Cancer Biology Applications:
Human FDX1 has been implicated in cancer biology through several mechanisms:

• Metabolic reprogramming: FDX1 downregulation contributes to metabolic shifts in cancer cells .

• Resistance to proteotoxic stress: FDX1 is a targetable vulnerability in cancers resistant to proteotoxic stress .

• Immune response modulation: FDX1 expression correlates with immune checkpoint gene expression and may influence immunotherapy effectiveness in melanoma .

Copper Deficiency Disorders:
The role of FDX1 in copper metabolism suggests potential applications in:

• Therapeutic copper delivery: Understanding how fdx1l facilitates copper release could inform better treatments for copper deficiency disorders.

• Biomarker development: FDX1 expression levels might predict responsiveness to copper-based therapies.

Mitochondrial Disease Models:
X. laevis embryos with manipulated fdx1l could serve as models for:

• Iron-sulfur cluster assembly disorders: Including multiple mitochondrial dysfunction syndromes.

• Friedreich's ataxia: Where frataxin deficiency disrupts iron-sulfur cluster biogenesis.

Experimental Approaches:

• High-throughput drug screening: Using X. laevis embryos or cells with fdx1l mutations to identify therapeutic compounds.
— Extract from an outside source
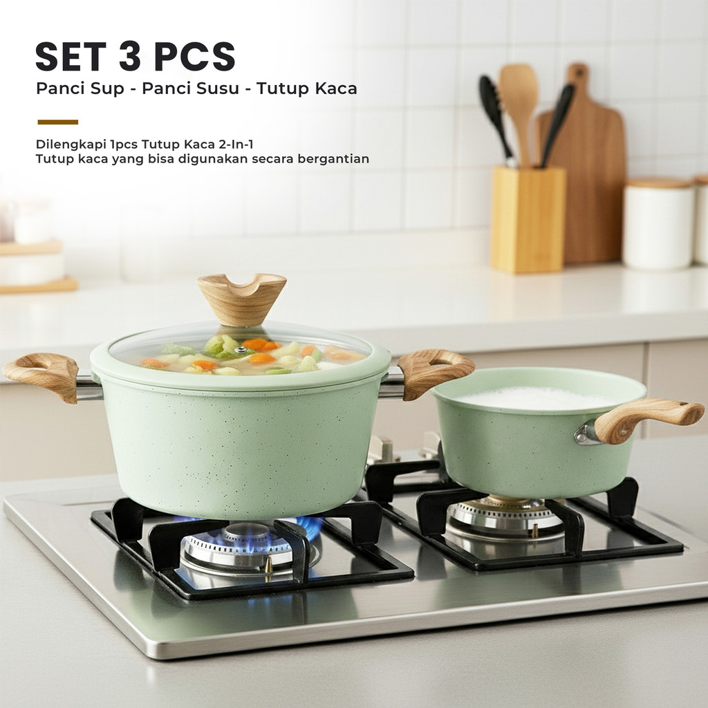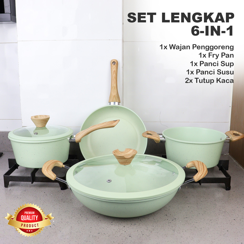 (FREE PIRING)Panci Marble Set 6 pcs Anti Lengket - Panci Wajan Serbaguna Estetik untuk Semua Jenis Kompor

• Disease-mimicking mutations: Introducing mutations corresponding to human disease-causing variants in FDX1/FDX2.

• Xenopus tumor models: Developing X. laevis cancer models to study fdx1l's role in tumor growth and response to therapy.

• Patient-derived xenografts: Testing personalized treatment approaches in X. laevis models based on patient-specific FDX1/FDX2 alterations.